Soy un ladrón, sí, sí, soy un ladrón. Algunos se levantan a las cuatro de la mañana para hacer pan, otros salen de casa a las siete de la mañana para ir a la oficina, pues yo no tengo necesidad de madrugar porque soy ladrón y mi trabajo suele hacerse a altas horas de la noche. No es un trabajo legal, pero es el mío. Mientras los demás trabajan yo duermo y cuando duermen, es para mí tiempo de trabajar.

Soy perro viejo en esto, empecé hace ya muchos años, tenía unos siete u ochos años. Fue en el colegio y acompañado por otro niño del cual ya no recuerdo el nombre, nos colabamos en las aulas donde hacíamos nuestro agosto. Claro está, terminaron cogiéndonos y eso fue un trago amargo para mis padres.

Fui creciendo y el vicio conmigo. Porque no es que fuera una enfermedad, sino que era más bien un juego. Un juego en el que yo era el malo y siempre me había atraído ser el malo.

En el instituto continué con mis sustracciones, pero a diferencia de otros no me gustaba abusar de los más débiles para robarle su dinero o lo que fuese. A esos los esperaba en la calle y normalmente devolvían, si aún lo tenían, lo que habían sustraído a sus legítimos dueños. Al principio solía ser por las malas, pero con el tiempo lo devolvían de “buena gana”.

Yo prefería introducirme en las aulas, en la sala de profesores e incluso en el despacho del director y limpiarle lo que pudiera.
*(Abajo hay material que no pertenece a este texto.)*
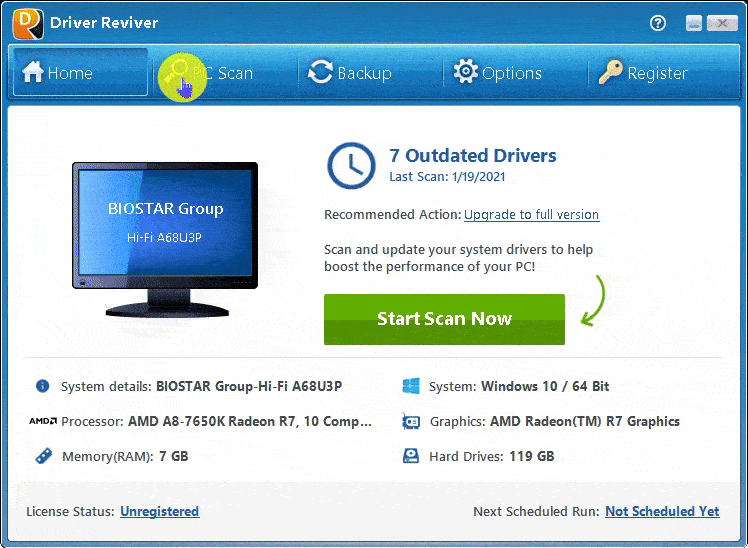 คลิก ไอคอนตัวเลือก (รูปเฟือง) คลิก แท็บทั่วไป ภายใต้การตั้งค่าทั่วไปคุณสามารถตั้งค่าการสแกนอัตโนมัติทุกครั้งที่เปิดตัว Driver Reviver หรือตัดสินใจเปิดใช้งานด้วยตนเอง (ซึ่งเป็นค่าเริ่มต้น) คุณยังสามารถเลือกได้ว่าจะให้ Driver Reviver ทำงานเมื่อคุณเริ่มคอมพิวเตอร์ ตัวเลือกนี้จะเปิดใช้งานโดยค่าเริ่มต้น

Eso era todo un logro y el reconocimiento de los pocos compañeros a quienes se lo contaba.

El tiempo pasó y al tiempo que crecía sustraía cosas cada vez más costosas, hasta que comencé a robar vehículos. Los primeros fueron ciclomotores que cogía para dar una vuelta hasta que se quedaban sin combustible. Después, me dediqué un tiempo a venderlos despiezados, pero me di cuenta de que me hacía bastante popular y podía atraer la atención de la autoridad. En ese momento lo dejé de raíz.

Pasada esa época y en compañía de algunos amigos empecé a colarme en viviendas ajenas. Buscábamos el dinero, las joyas, todo lo que tenía algún valor, incluso algunos de mis compañeros registraban el botiquín por si encontraban algún medicamento susceptible de ser vendido a los drogadictos.
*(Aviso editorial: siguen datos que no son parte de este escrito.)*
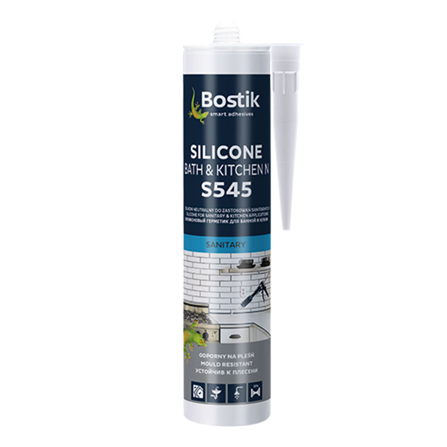 SILICONE BATH & KITCHEN N S545 to trwale elastyczny, jednoskładnikowy silikonowy kit uszczelniający z neutralnym systemem utwardzania, przeznaczony do uszczelnień sanitarnych i ogólnobudowlanych.

Tras estas visitas a los domicilios nos repartíamos los beneficios y los fundíamos. El dinero nos quemaba en las manos. Esa etapa de mi vida no fue muy larga, pues me di cuenta que no interesaba realizar estos robos en compañía. Primero porque los beneficios eran menoresy segundo, porqué llegó a mis oídos que algunos de esos "amigos" se quedaban con parte de lo que encontraban engañando así a los demás. Otro motivo era que cuantos menos testigos hubiera, mucho mejor para mí. Aprendí bastante con ellos y después me fui por libre.

Algunas veces me acompañaba un amigo que era para mí como un hermano, aunque intentaba ir solo y de ese modo no involucrarlo. Pero el bueno de Daniel siempre estaba dispuesto a echarme una mano, así pues, lo empleaba de vez en cuando. Así fue como hice de esto mi trabajo.

Me especialicé pasado el tiempo en viviendas unifamiliares. Más que entrar en los chalés de grandes ciudades prefería entrar en casas de campo, villas o palacetes aislados. Entonces, era cuando realmente estaba en mi salsa. La gente mayor creía que poniendo una vulgar alarma conectada a la línea telefónica en su palacete tenía su propiedad segura. Nada más lejos de la realidad. Cortar el cable de teléfono era la llave de acceso a sus viviendas. Algunas villas merecían la pena, tenían en algún lugar una caja fuerte que me hacía el placer de reventar. Otras, me hacían malgastar esfuerzos y eso me revolvía el estómago.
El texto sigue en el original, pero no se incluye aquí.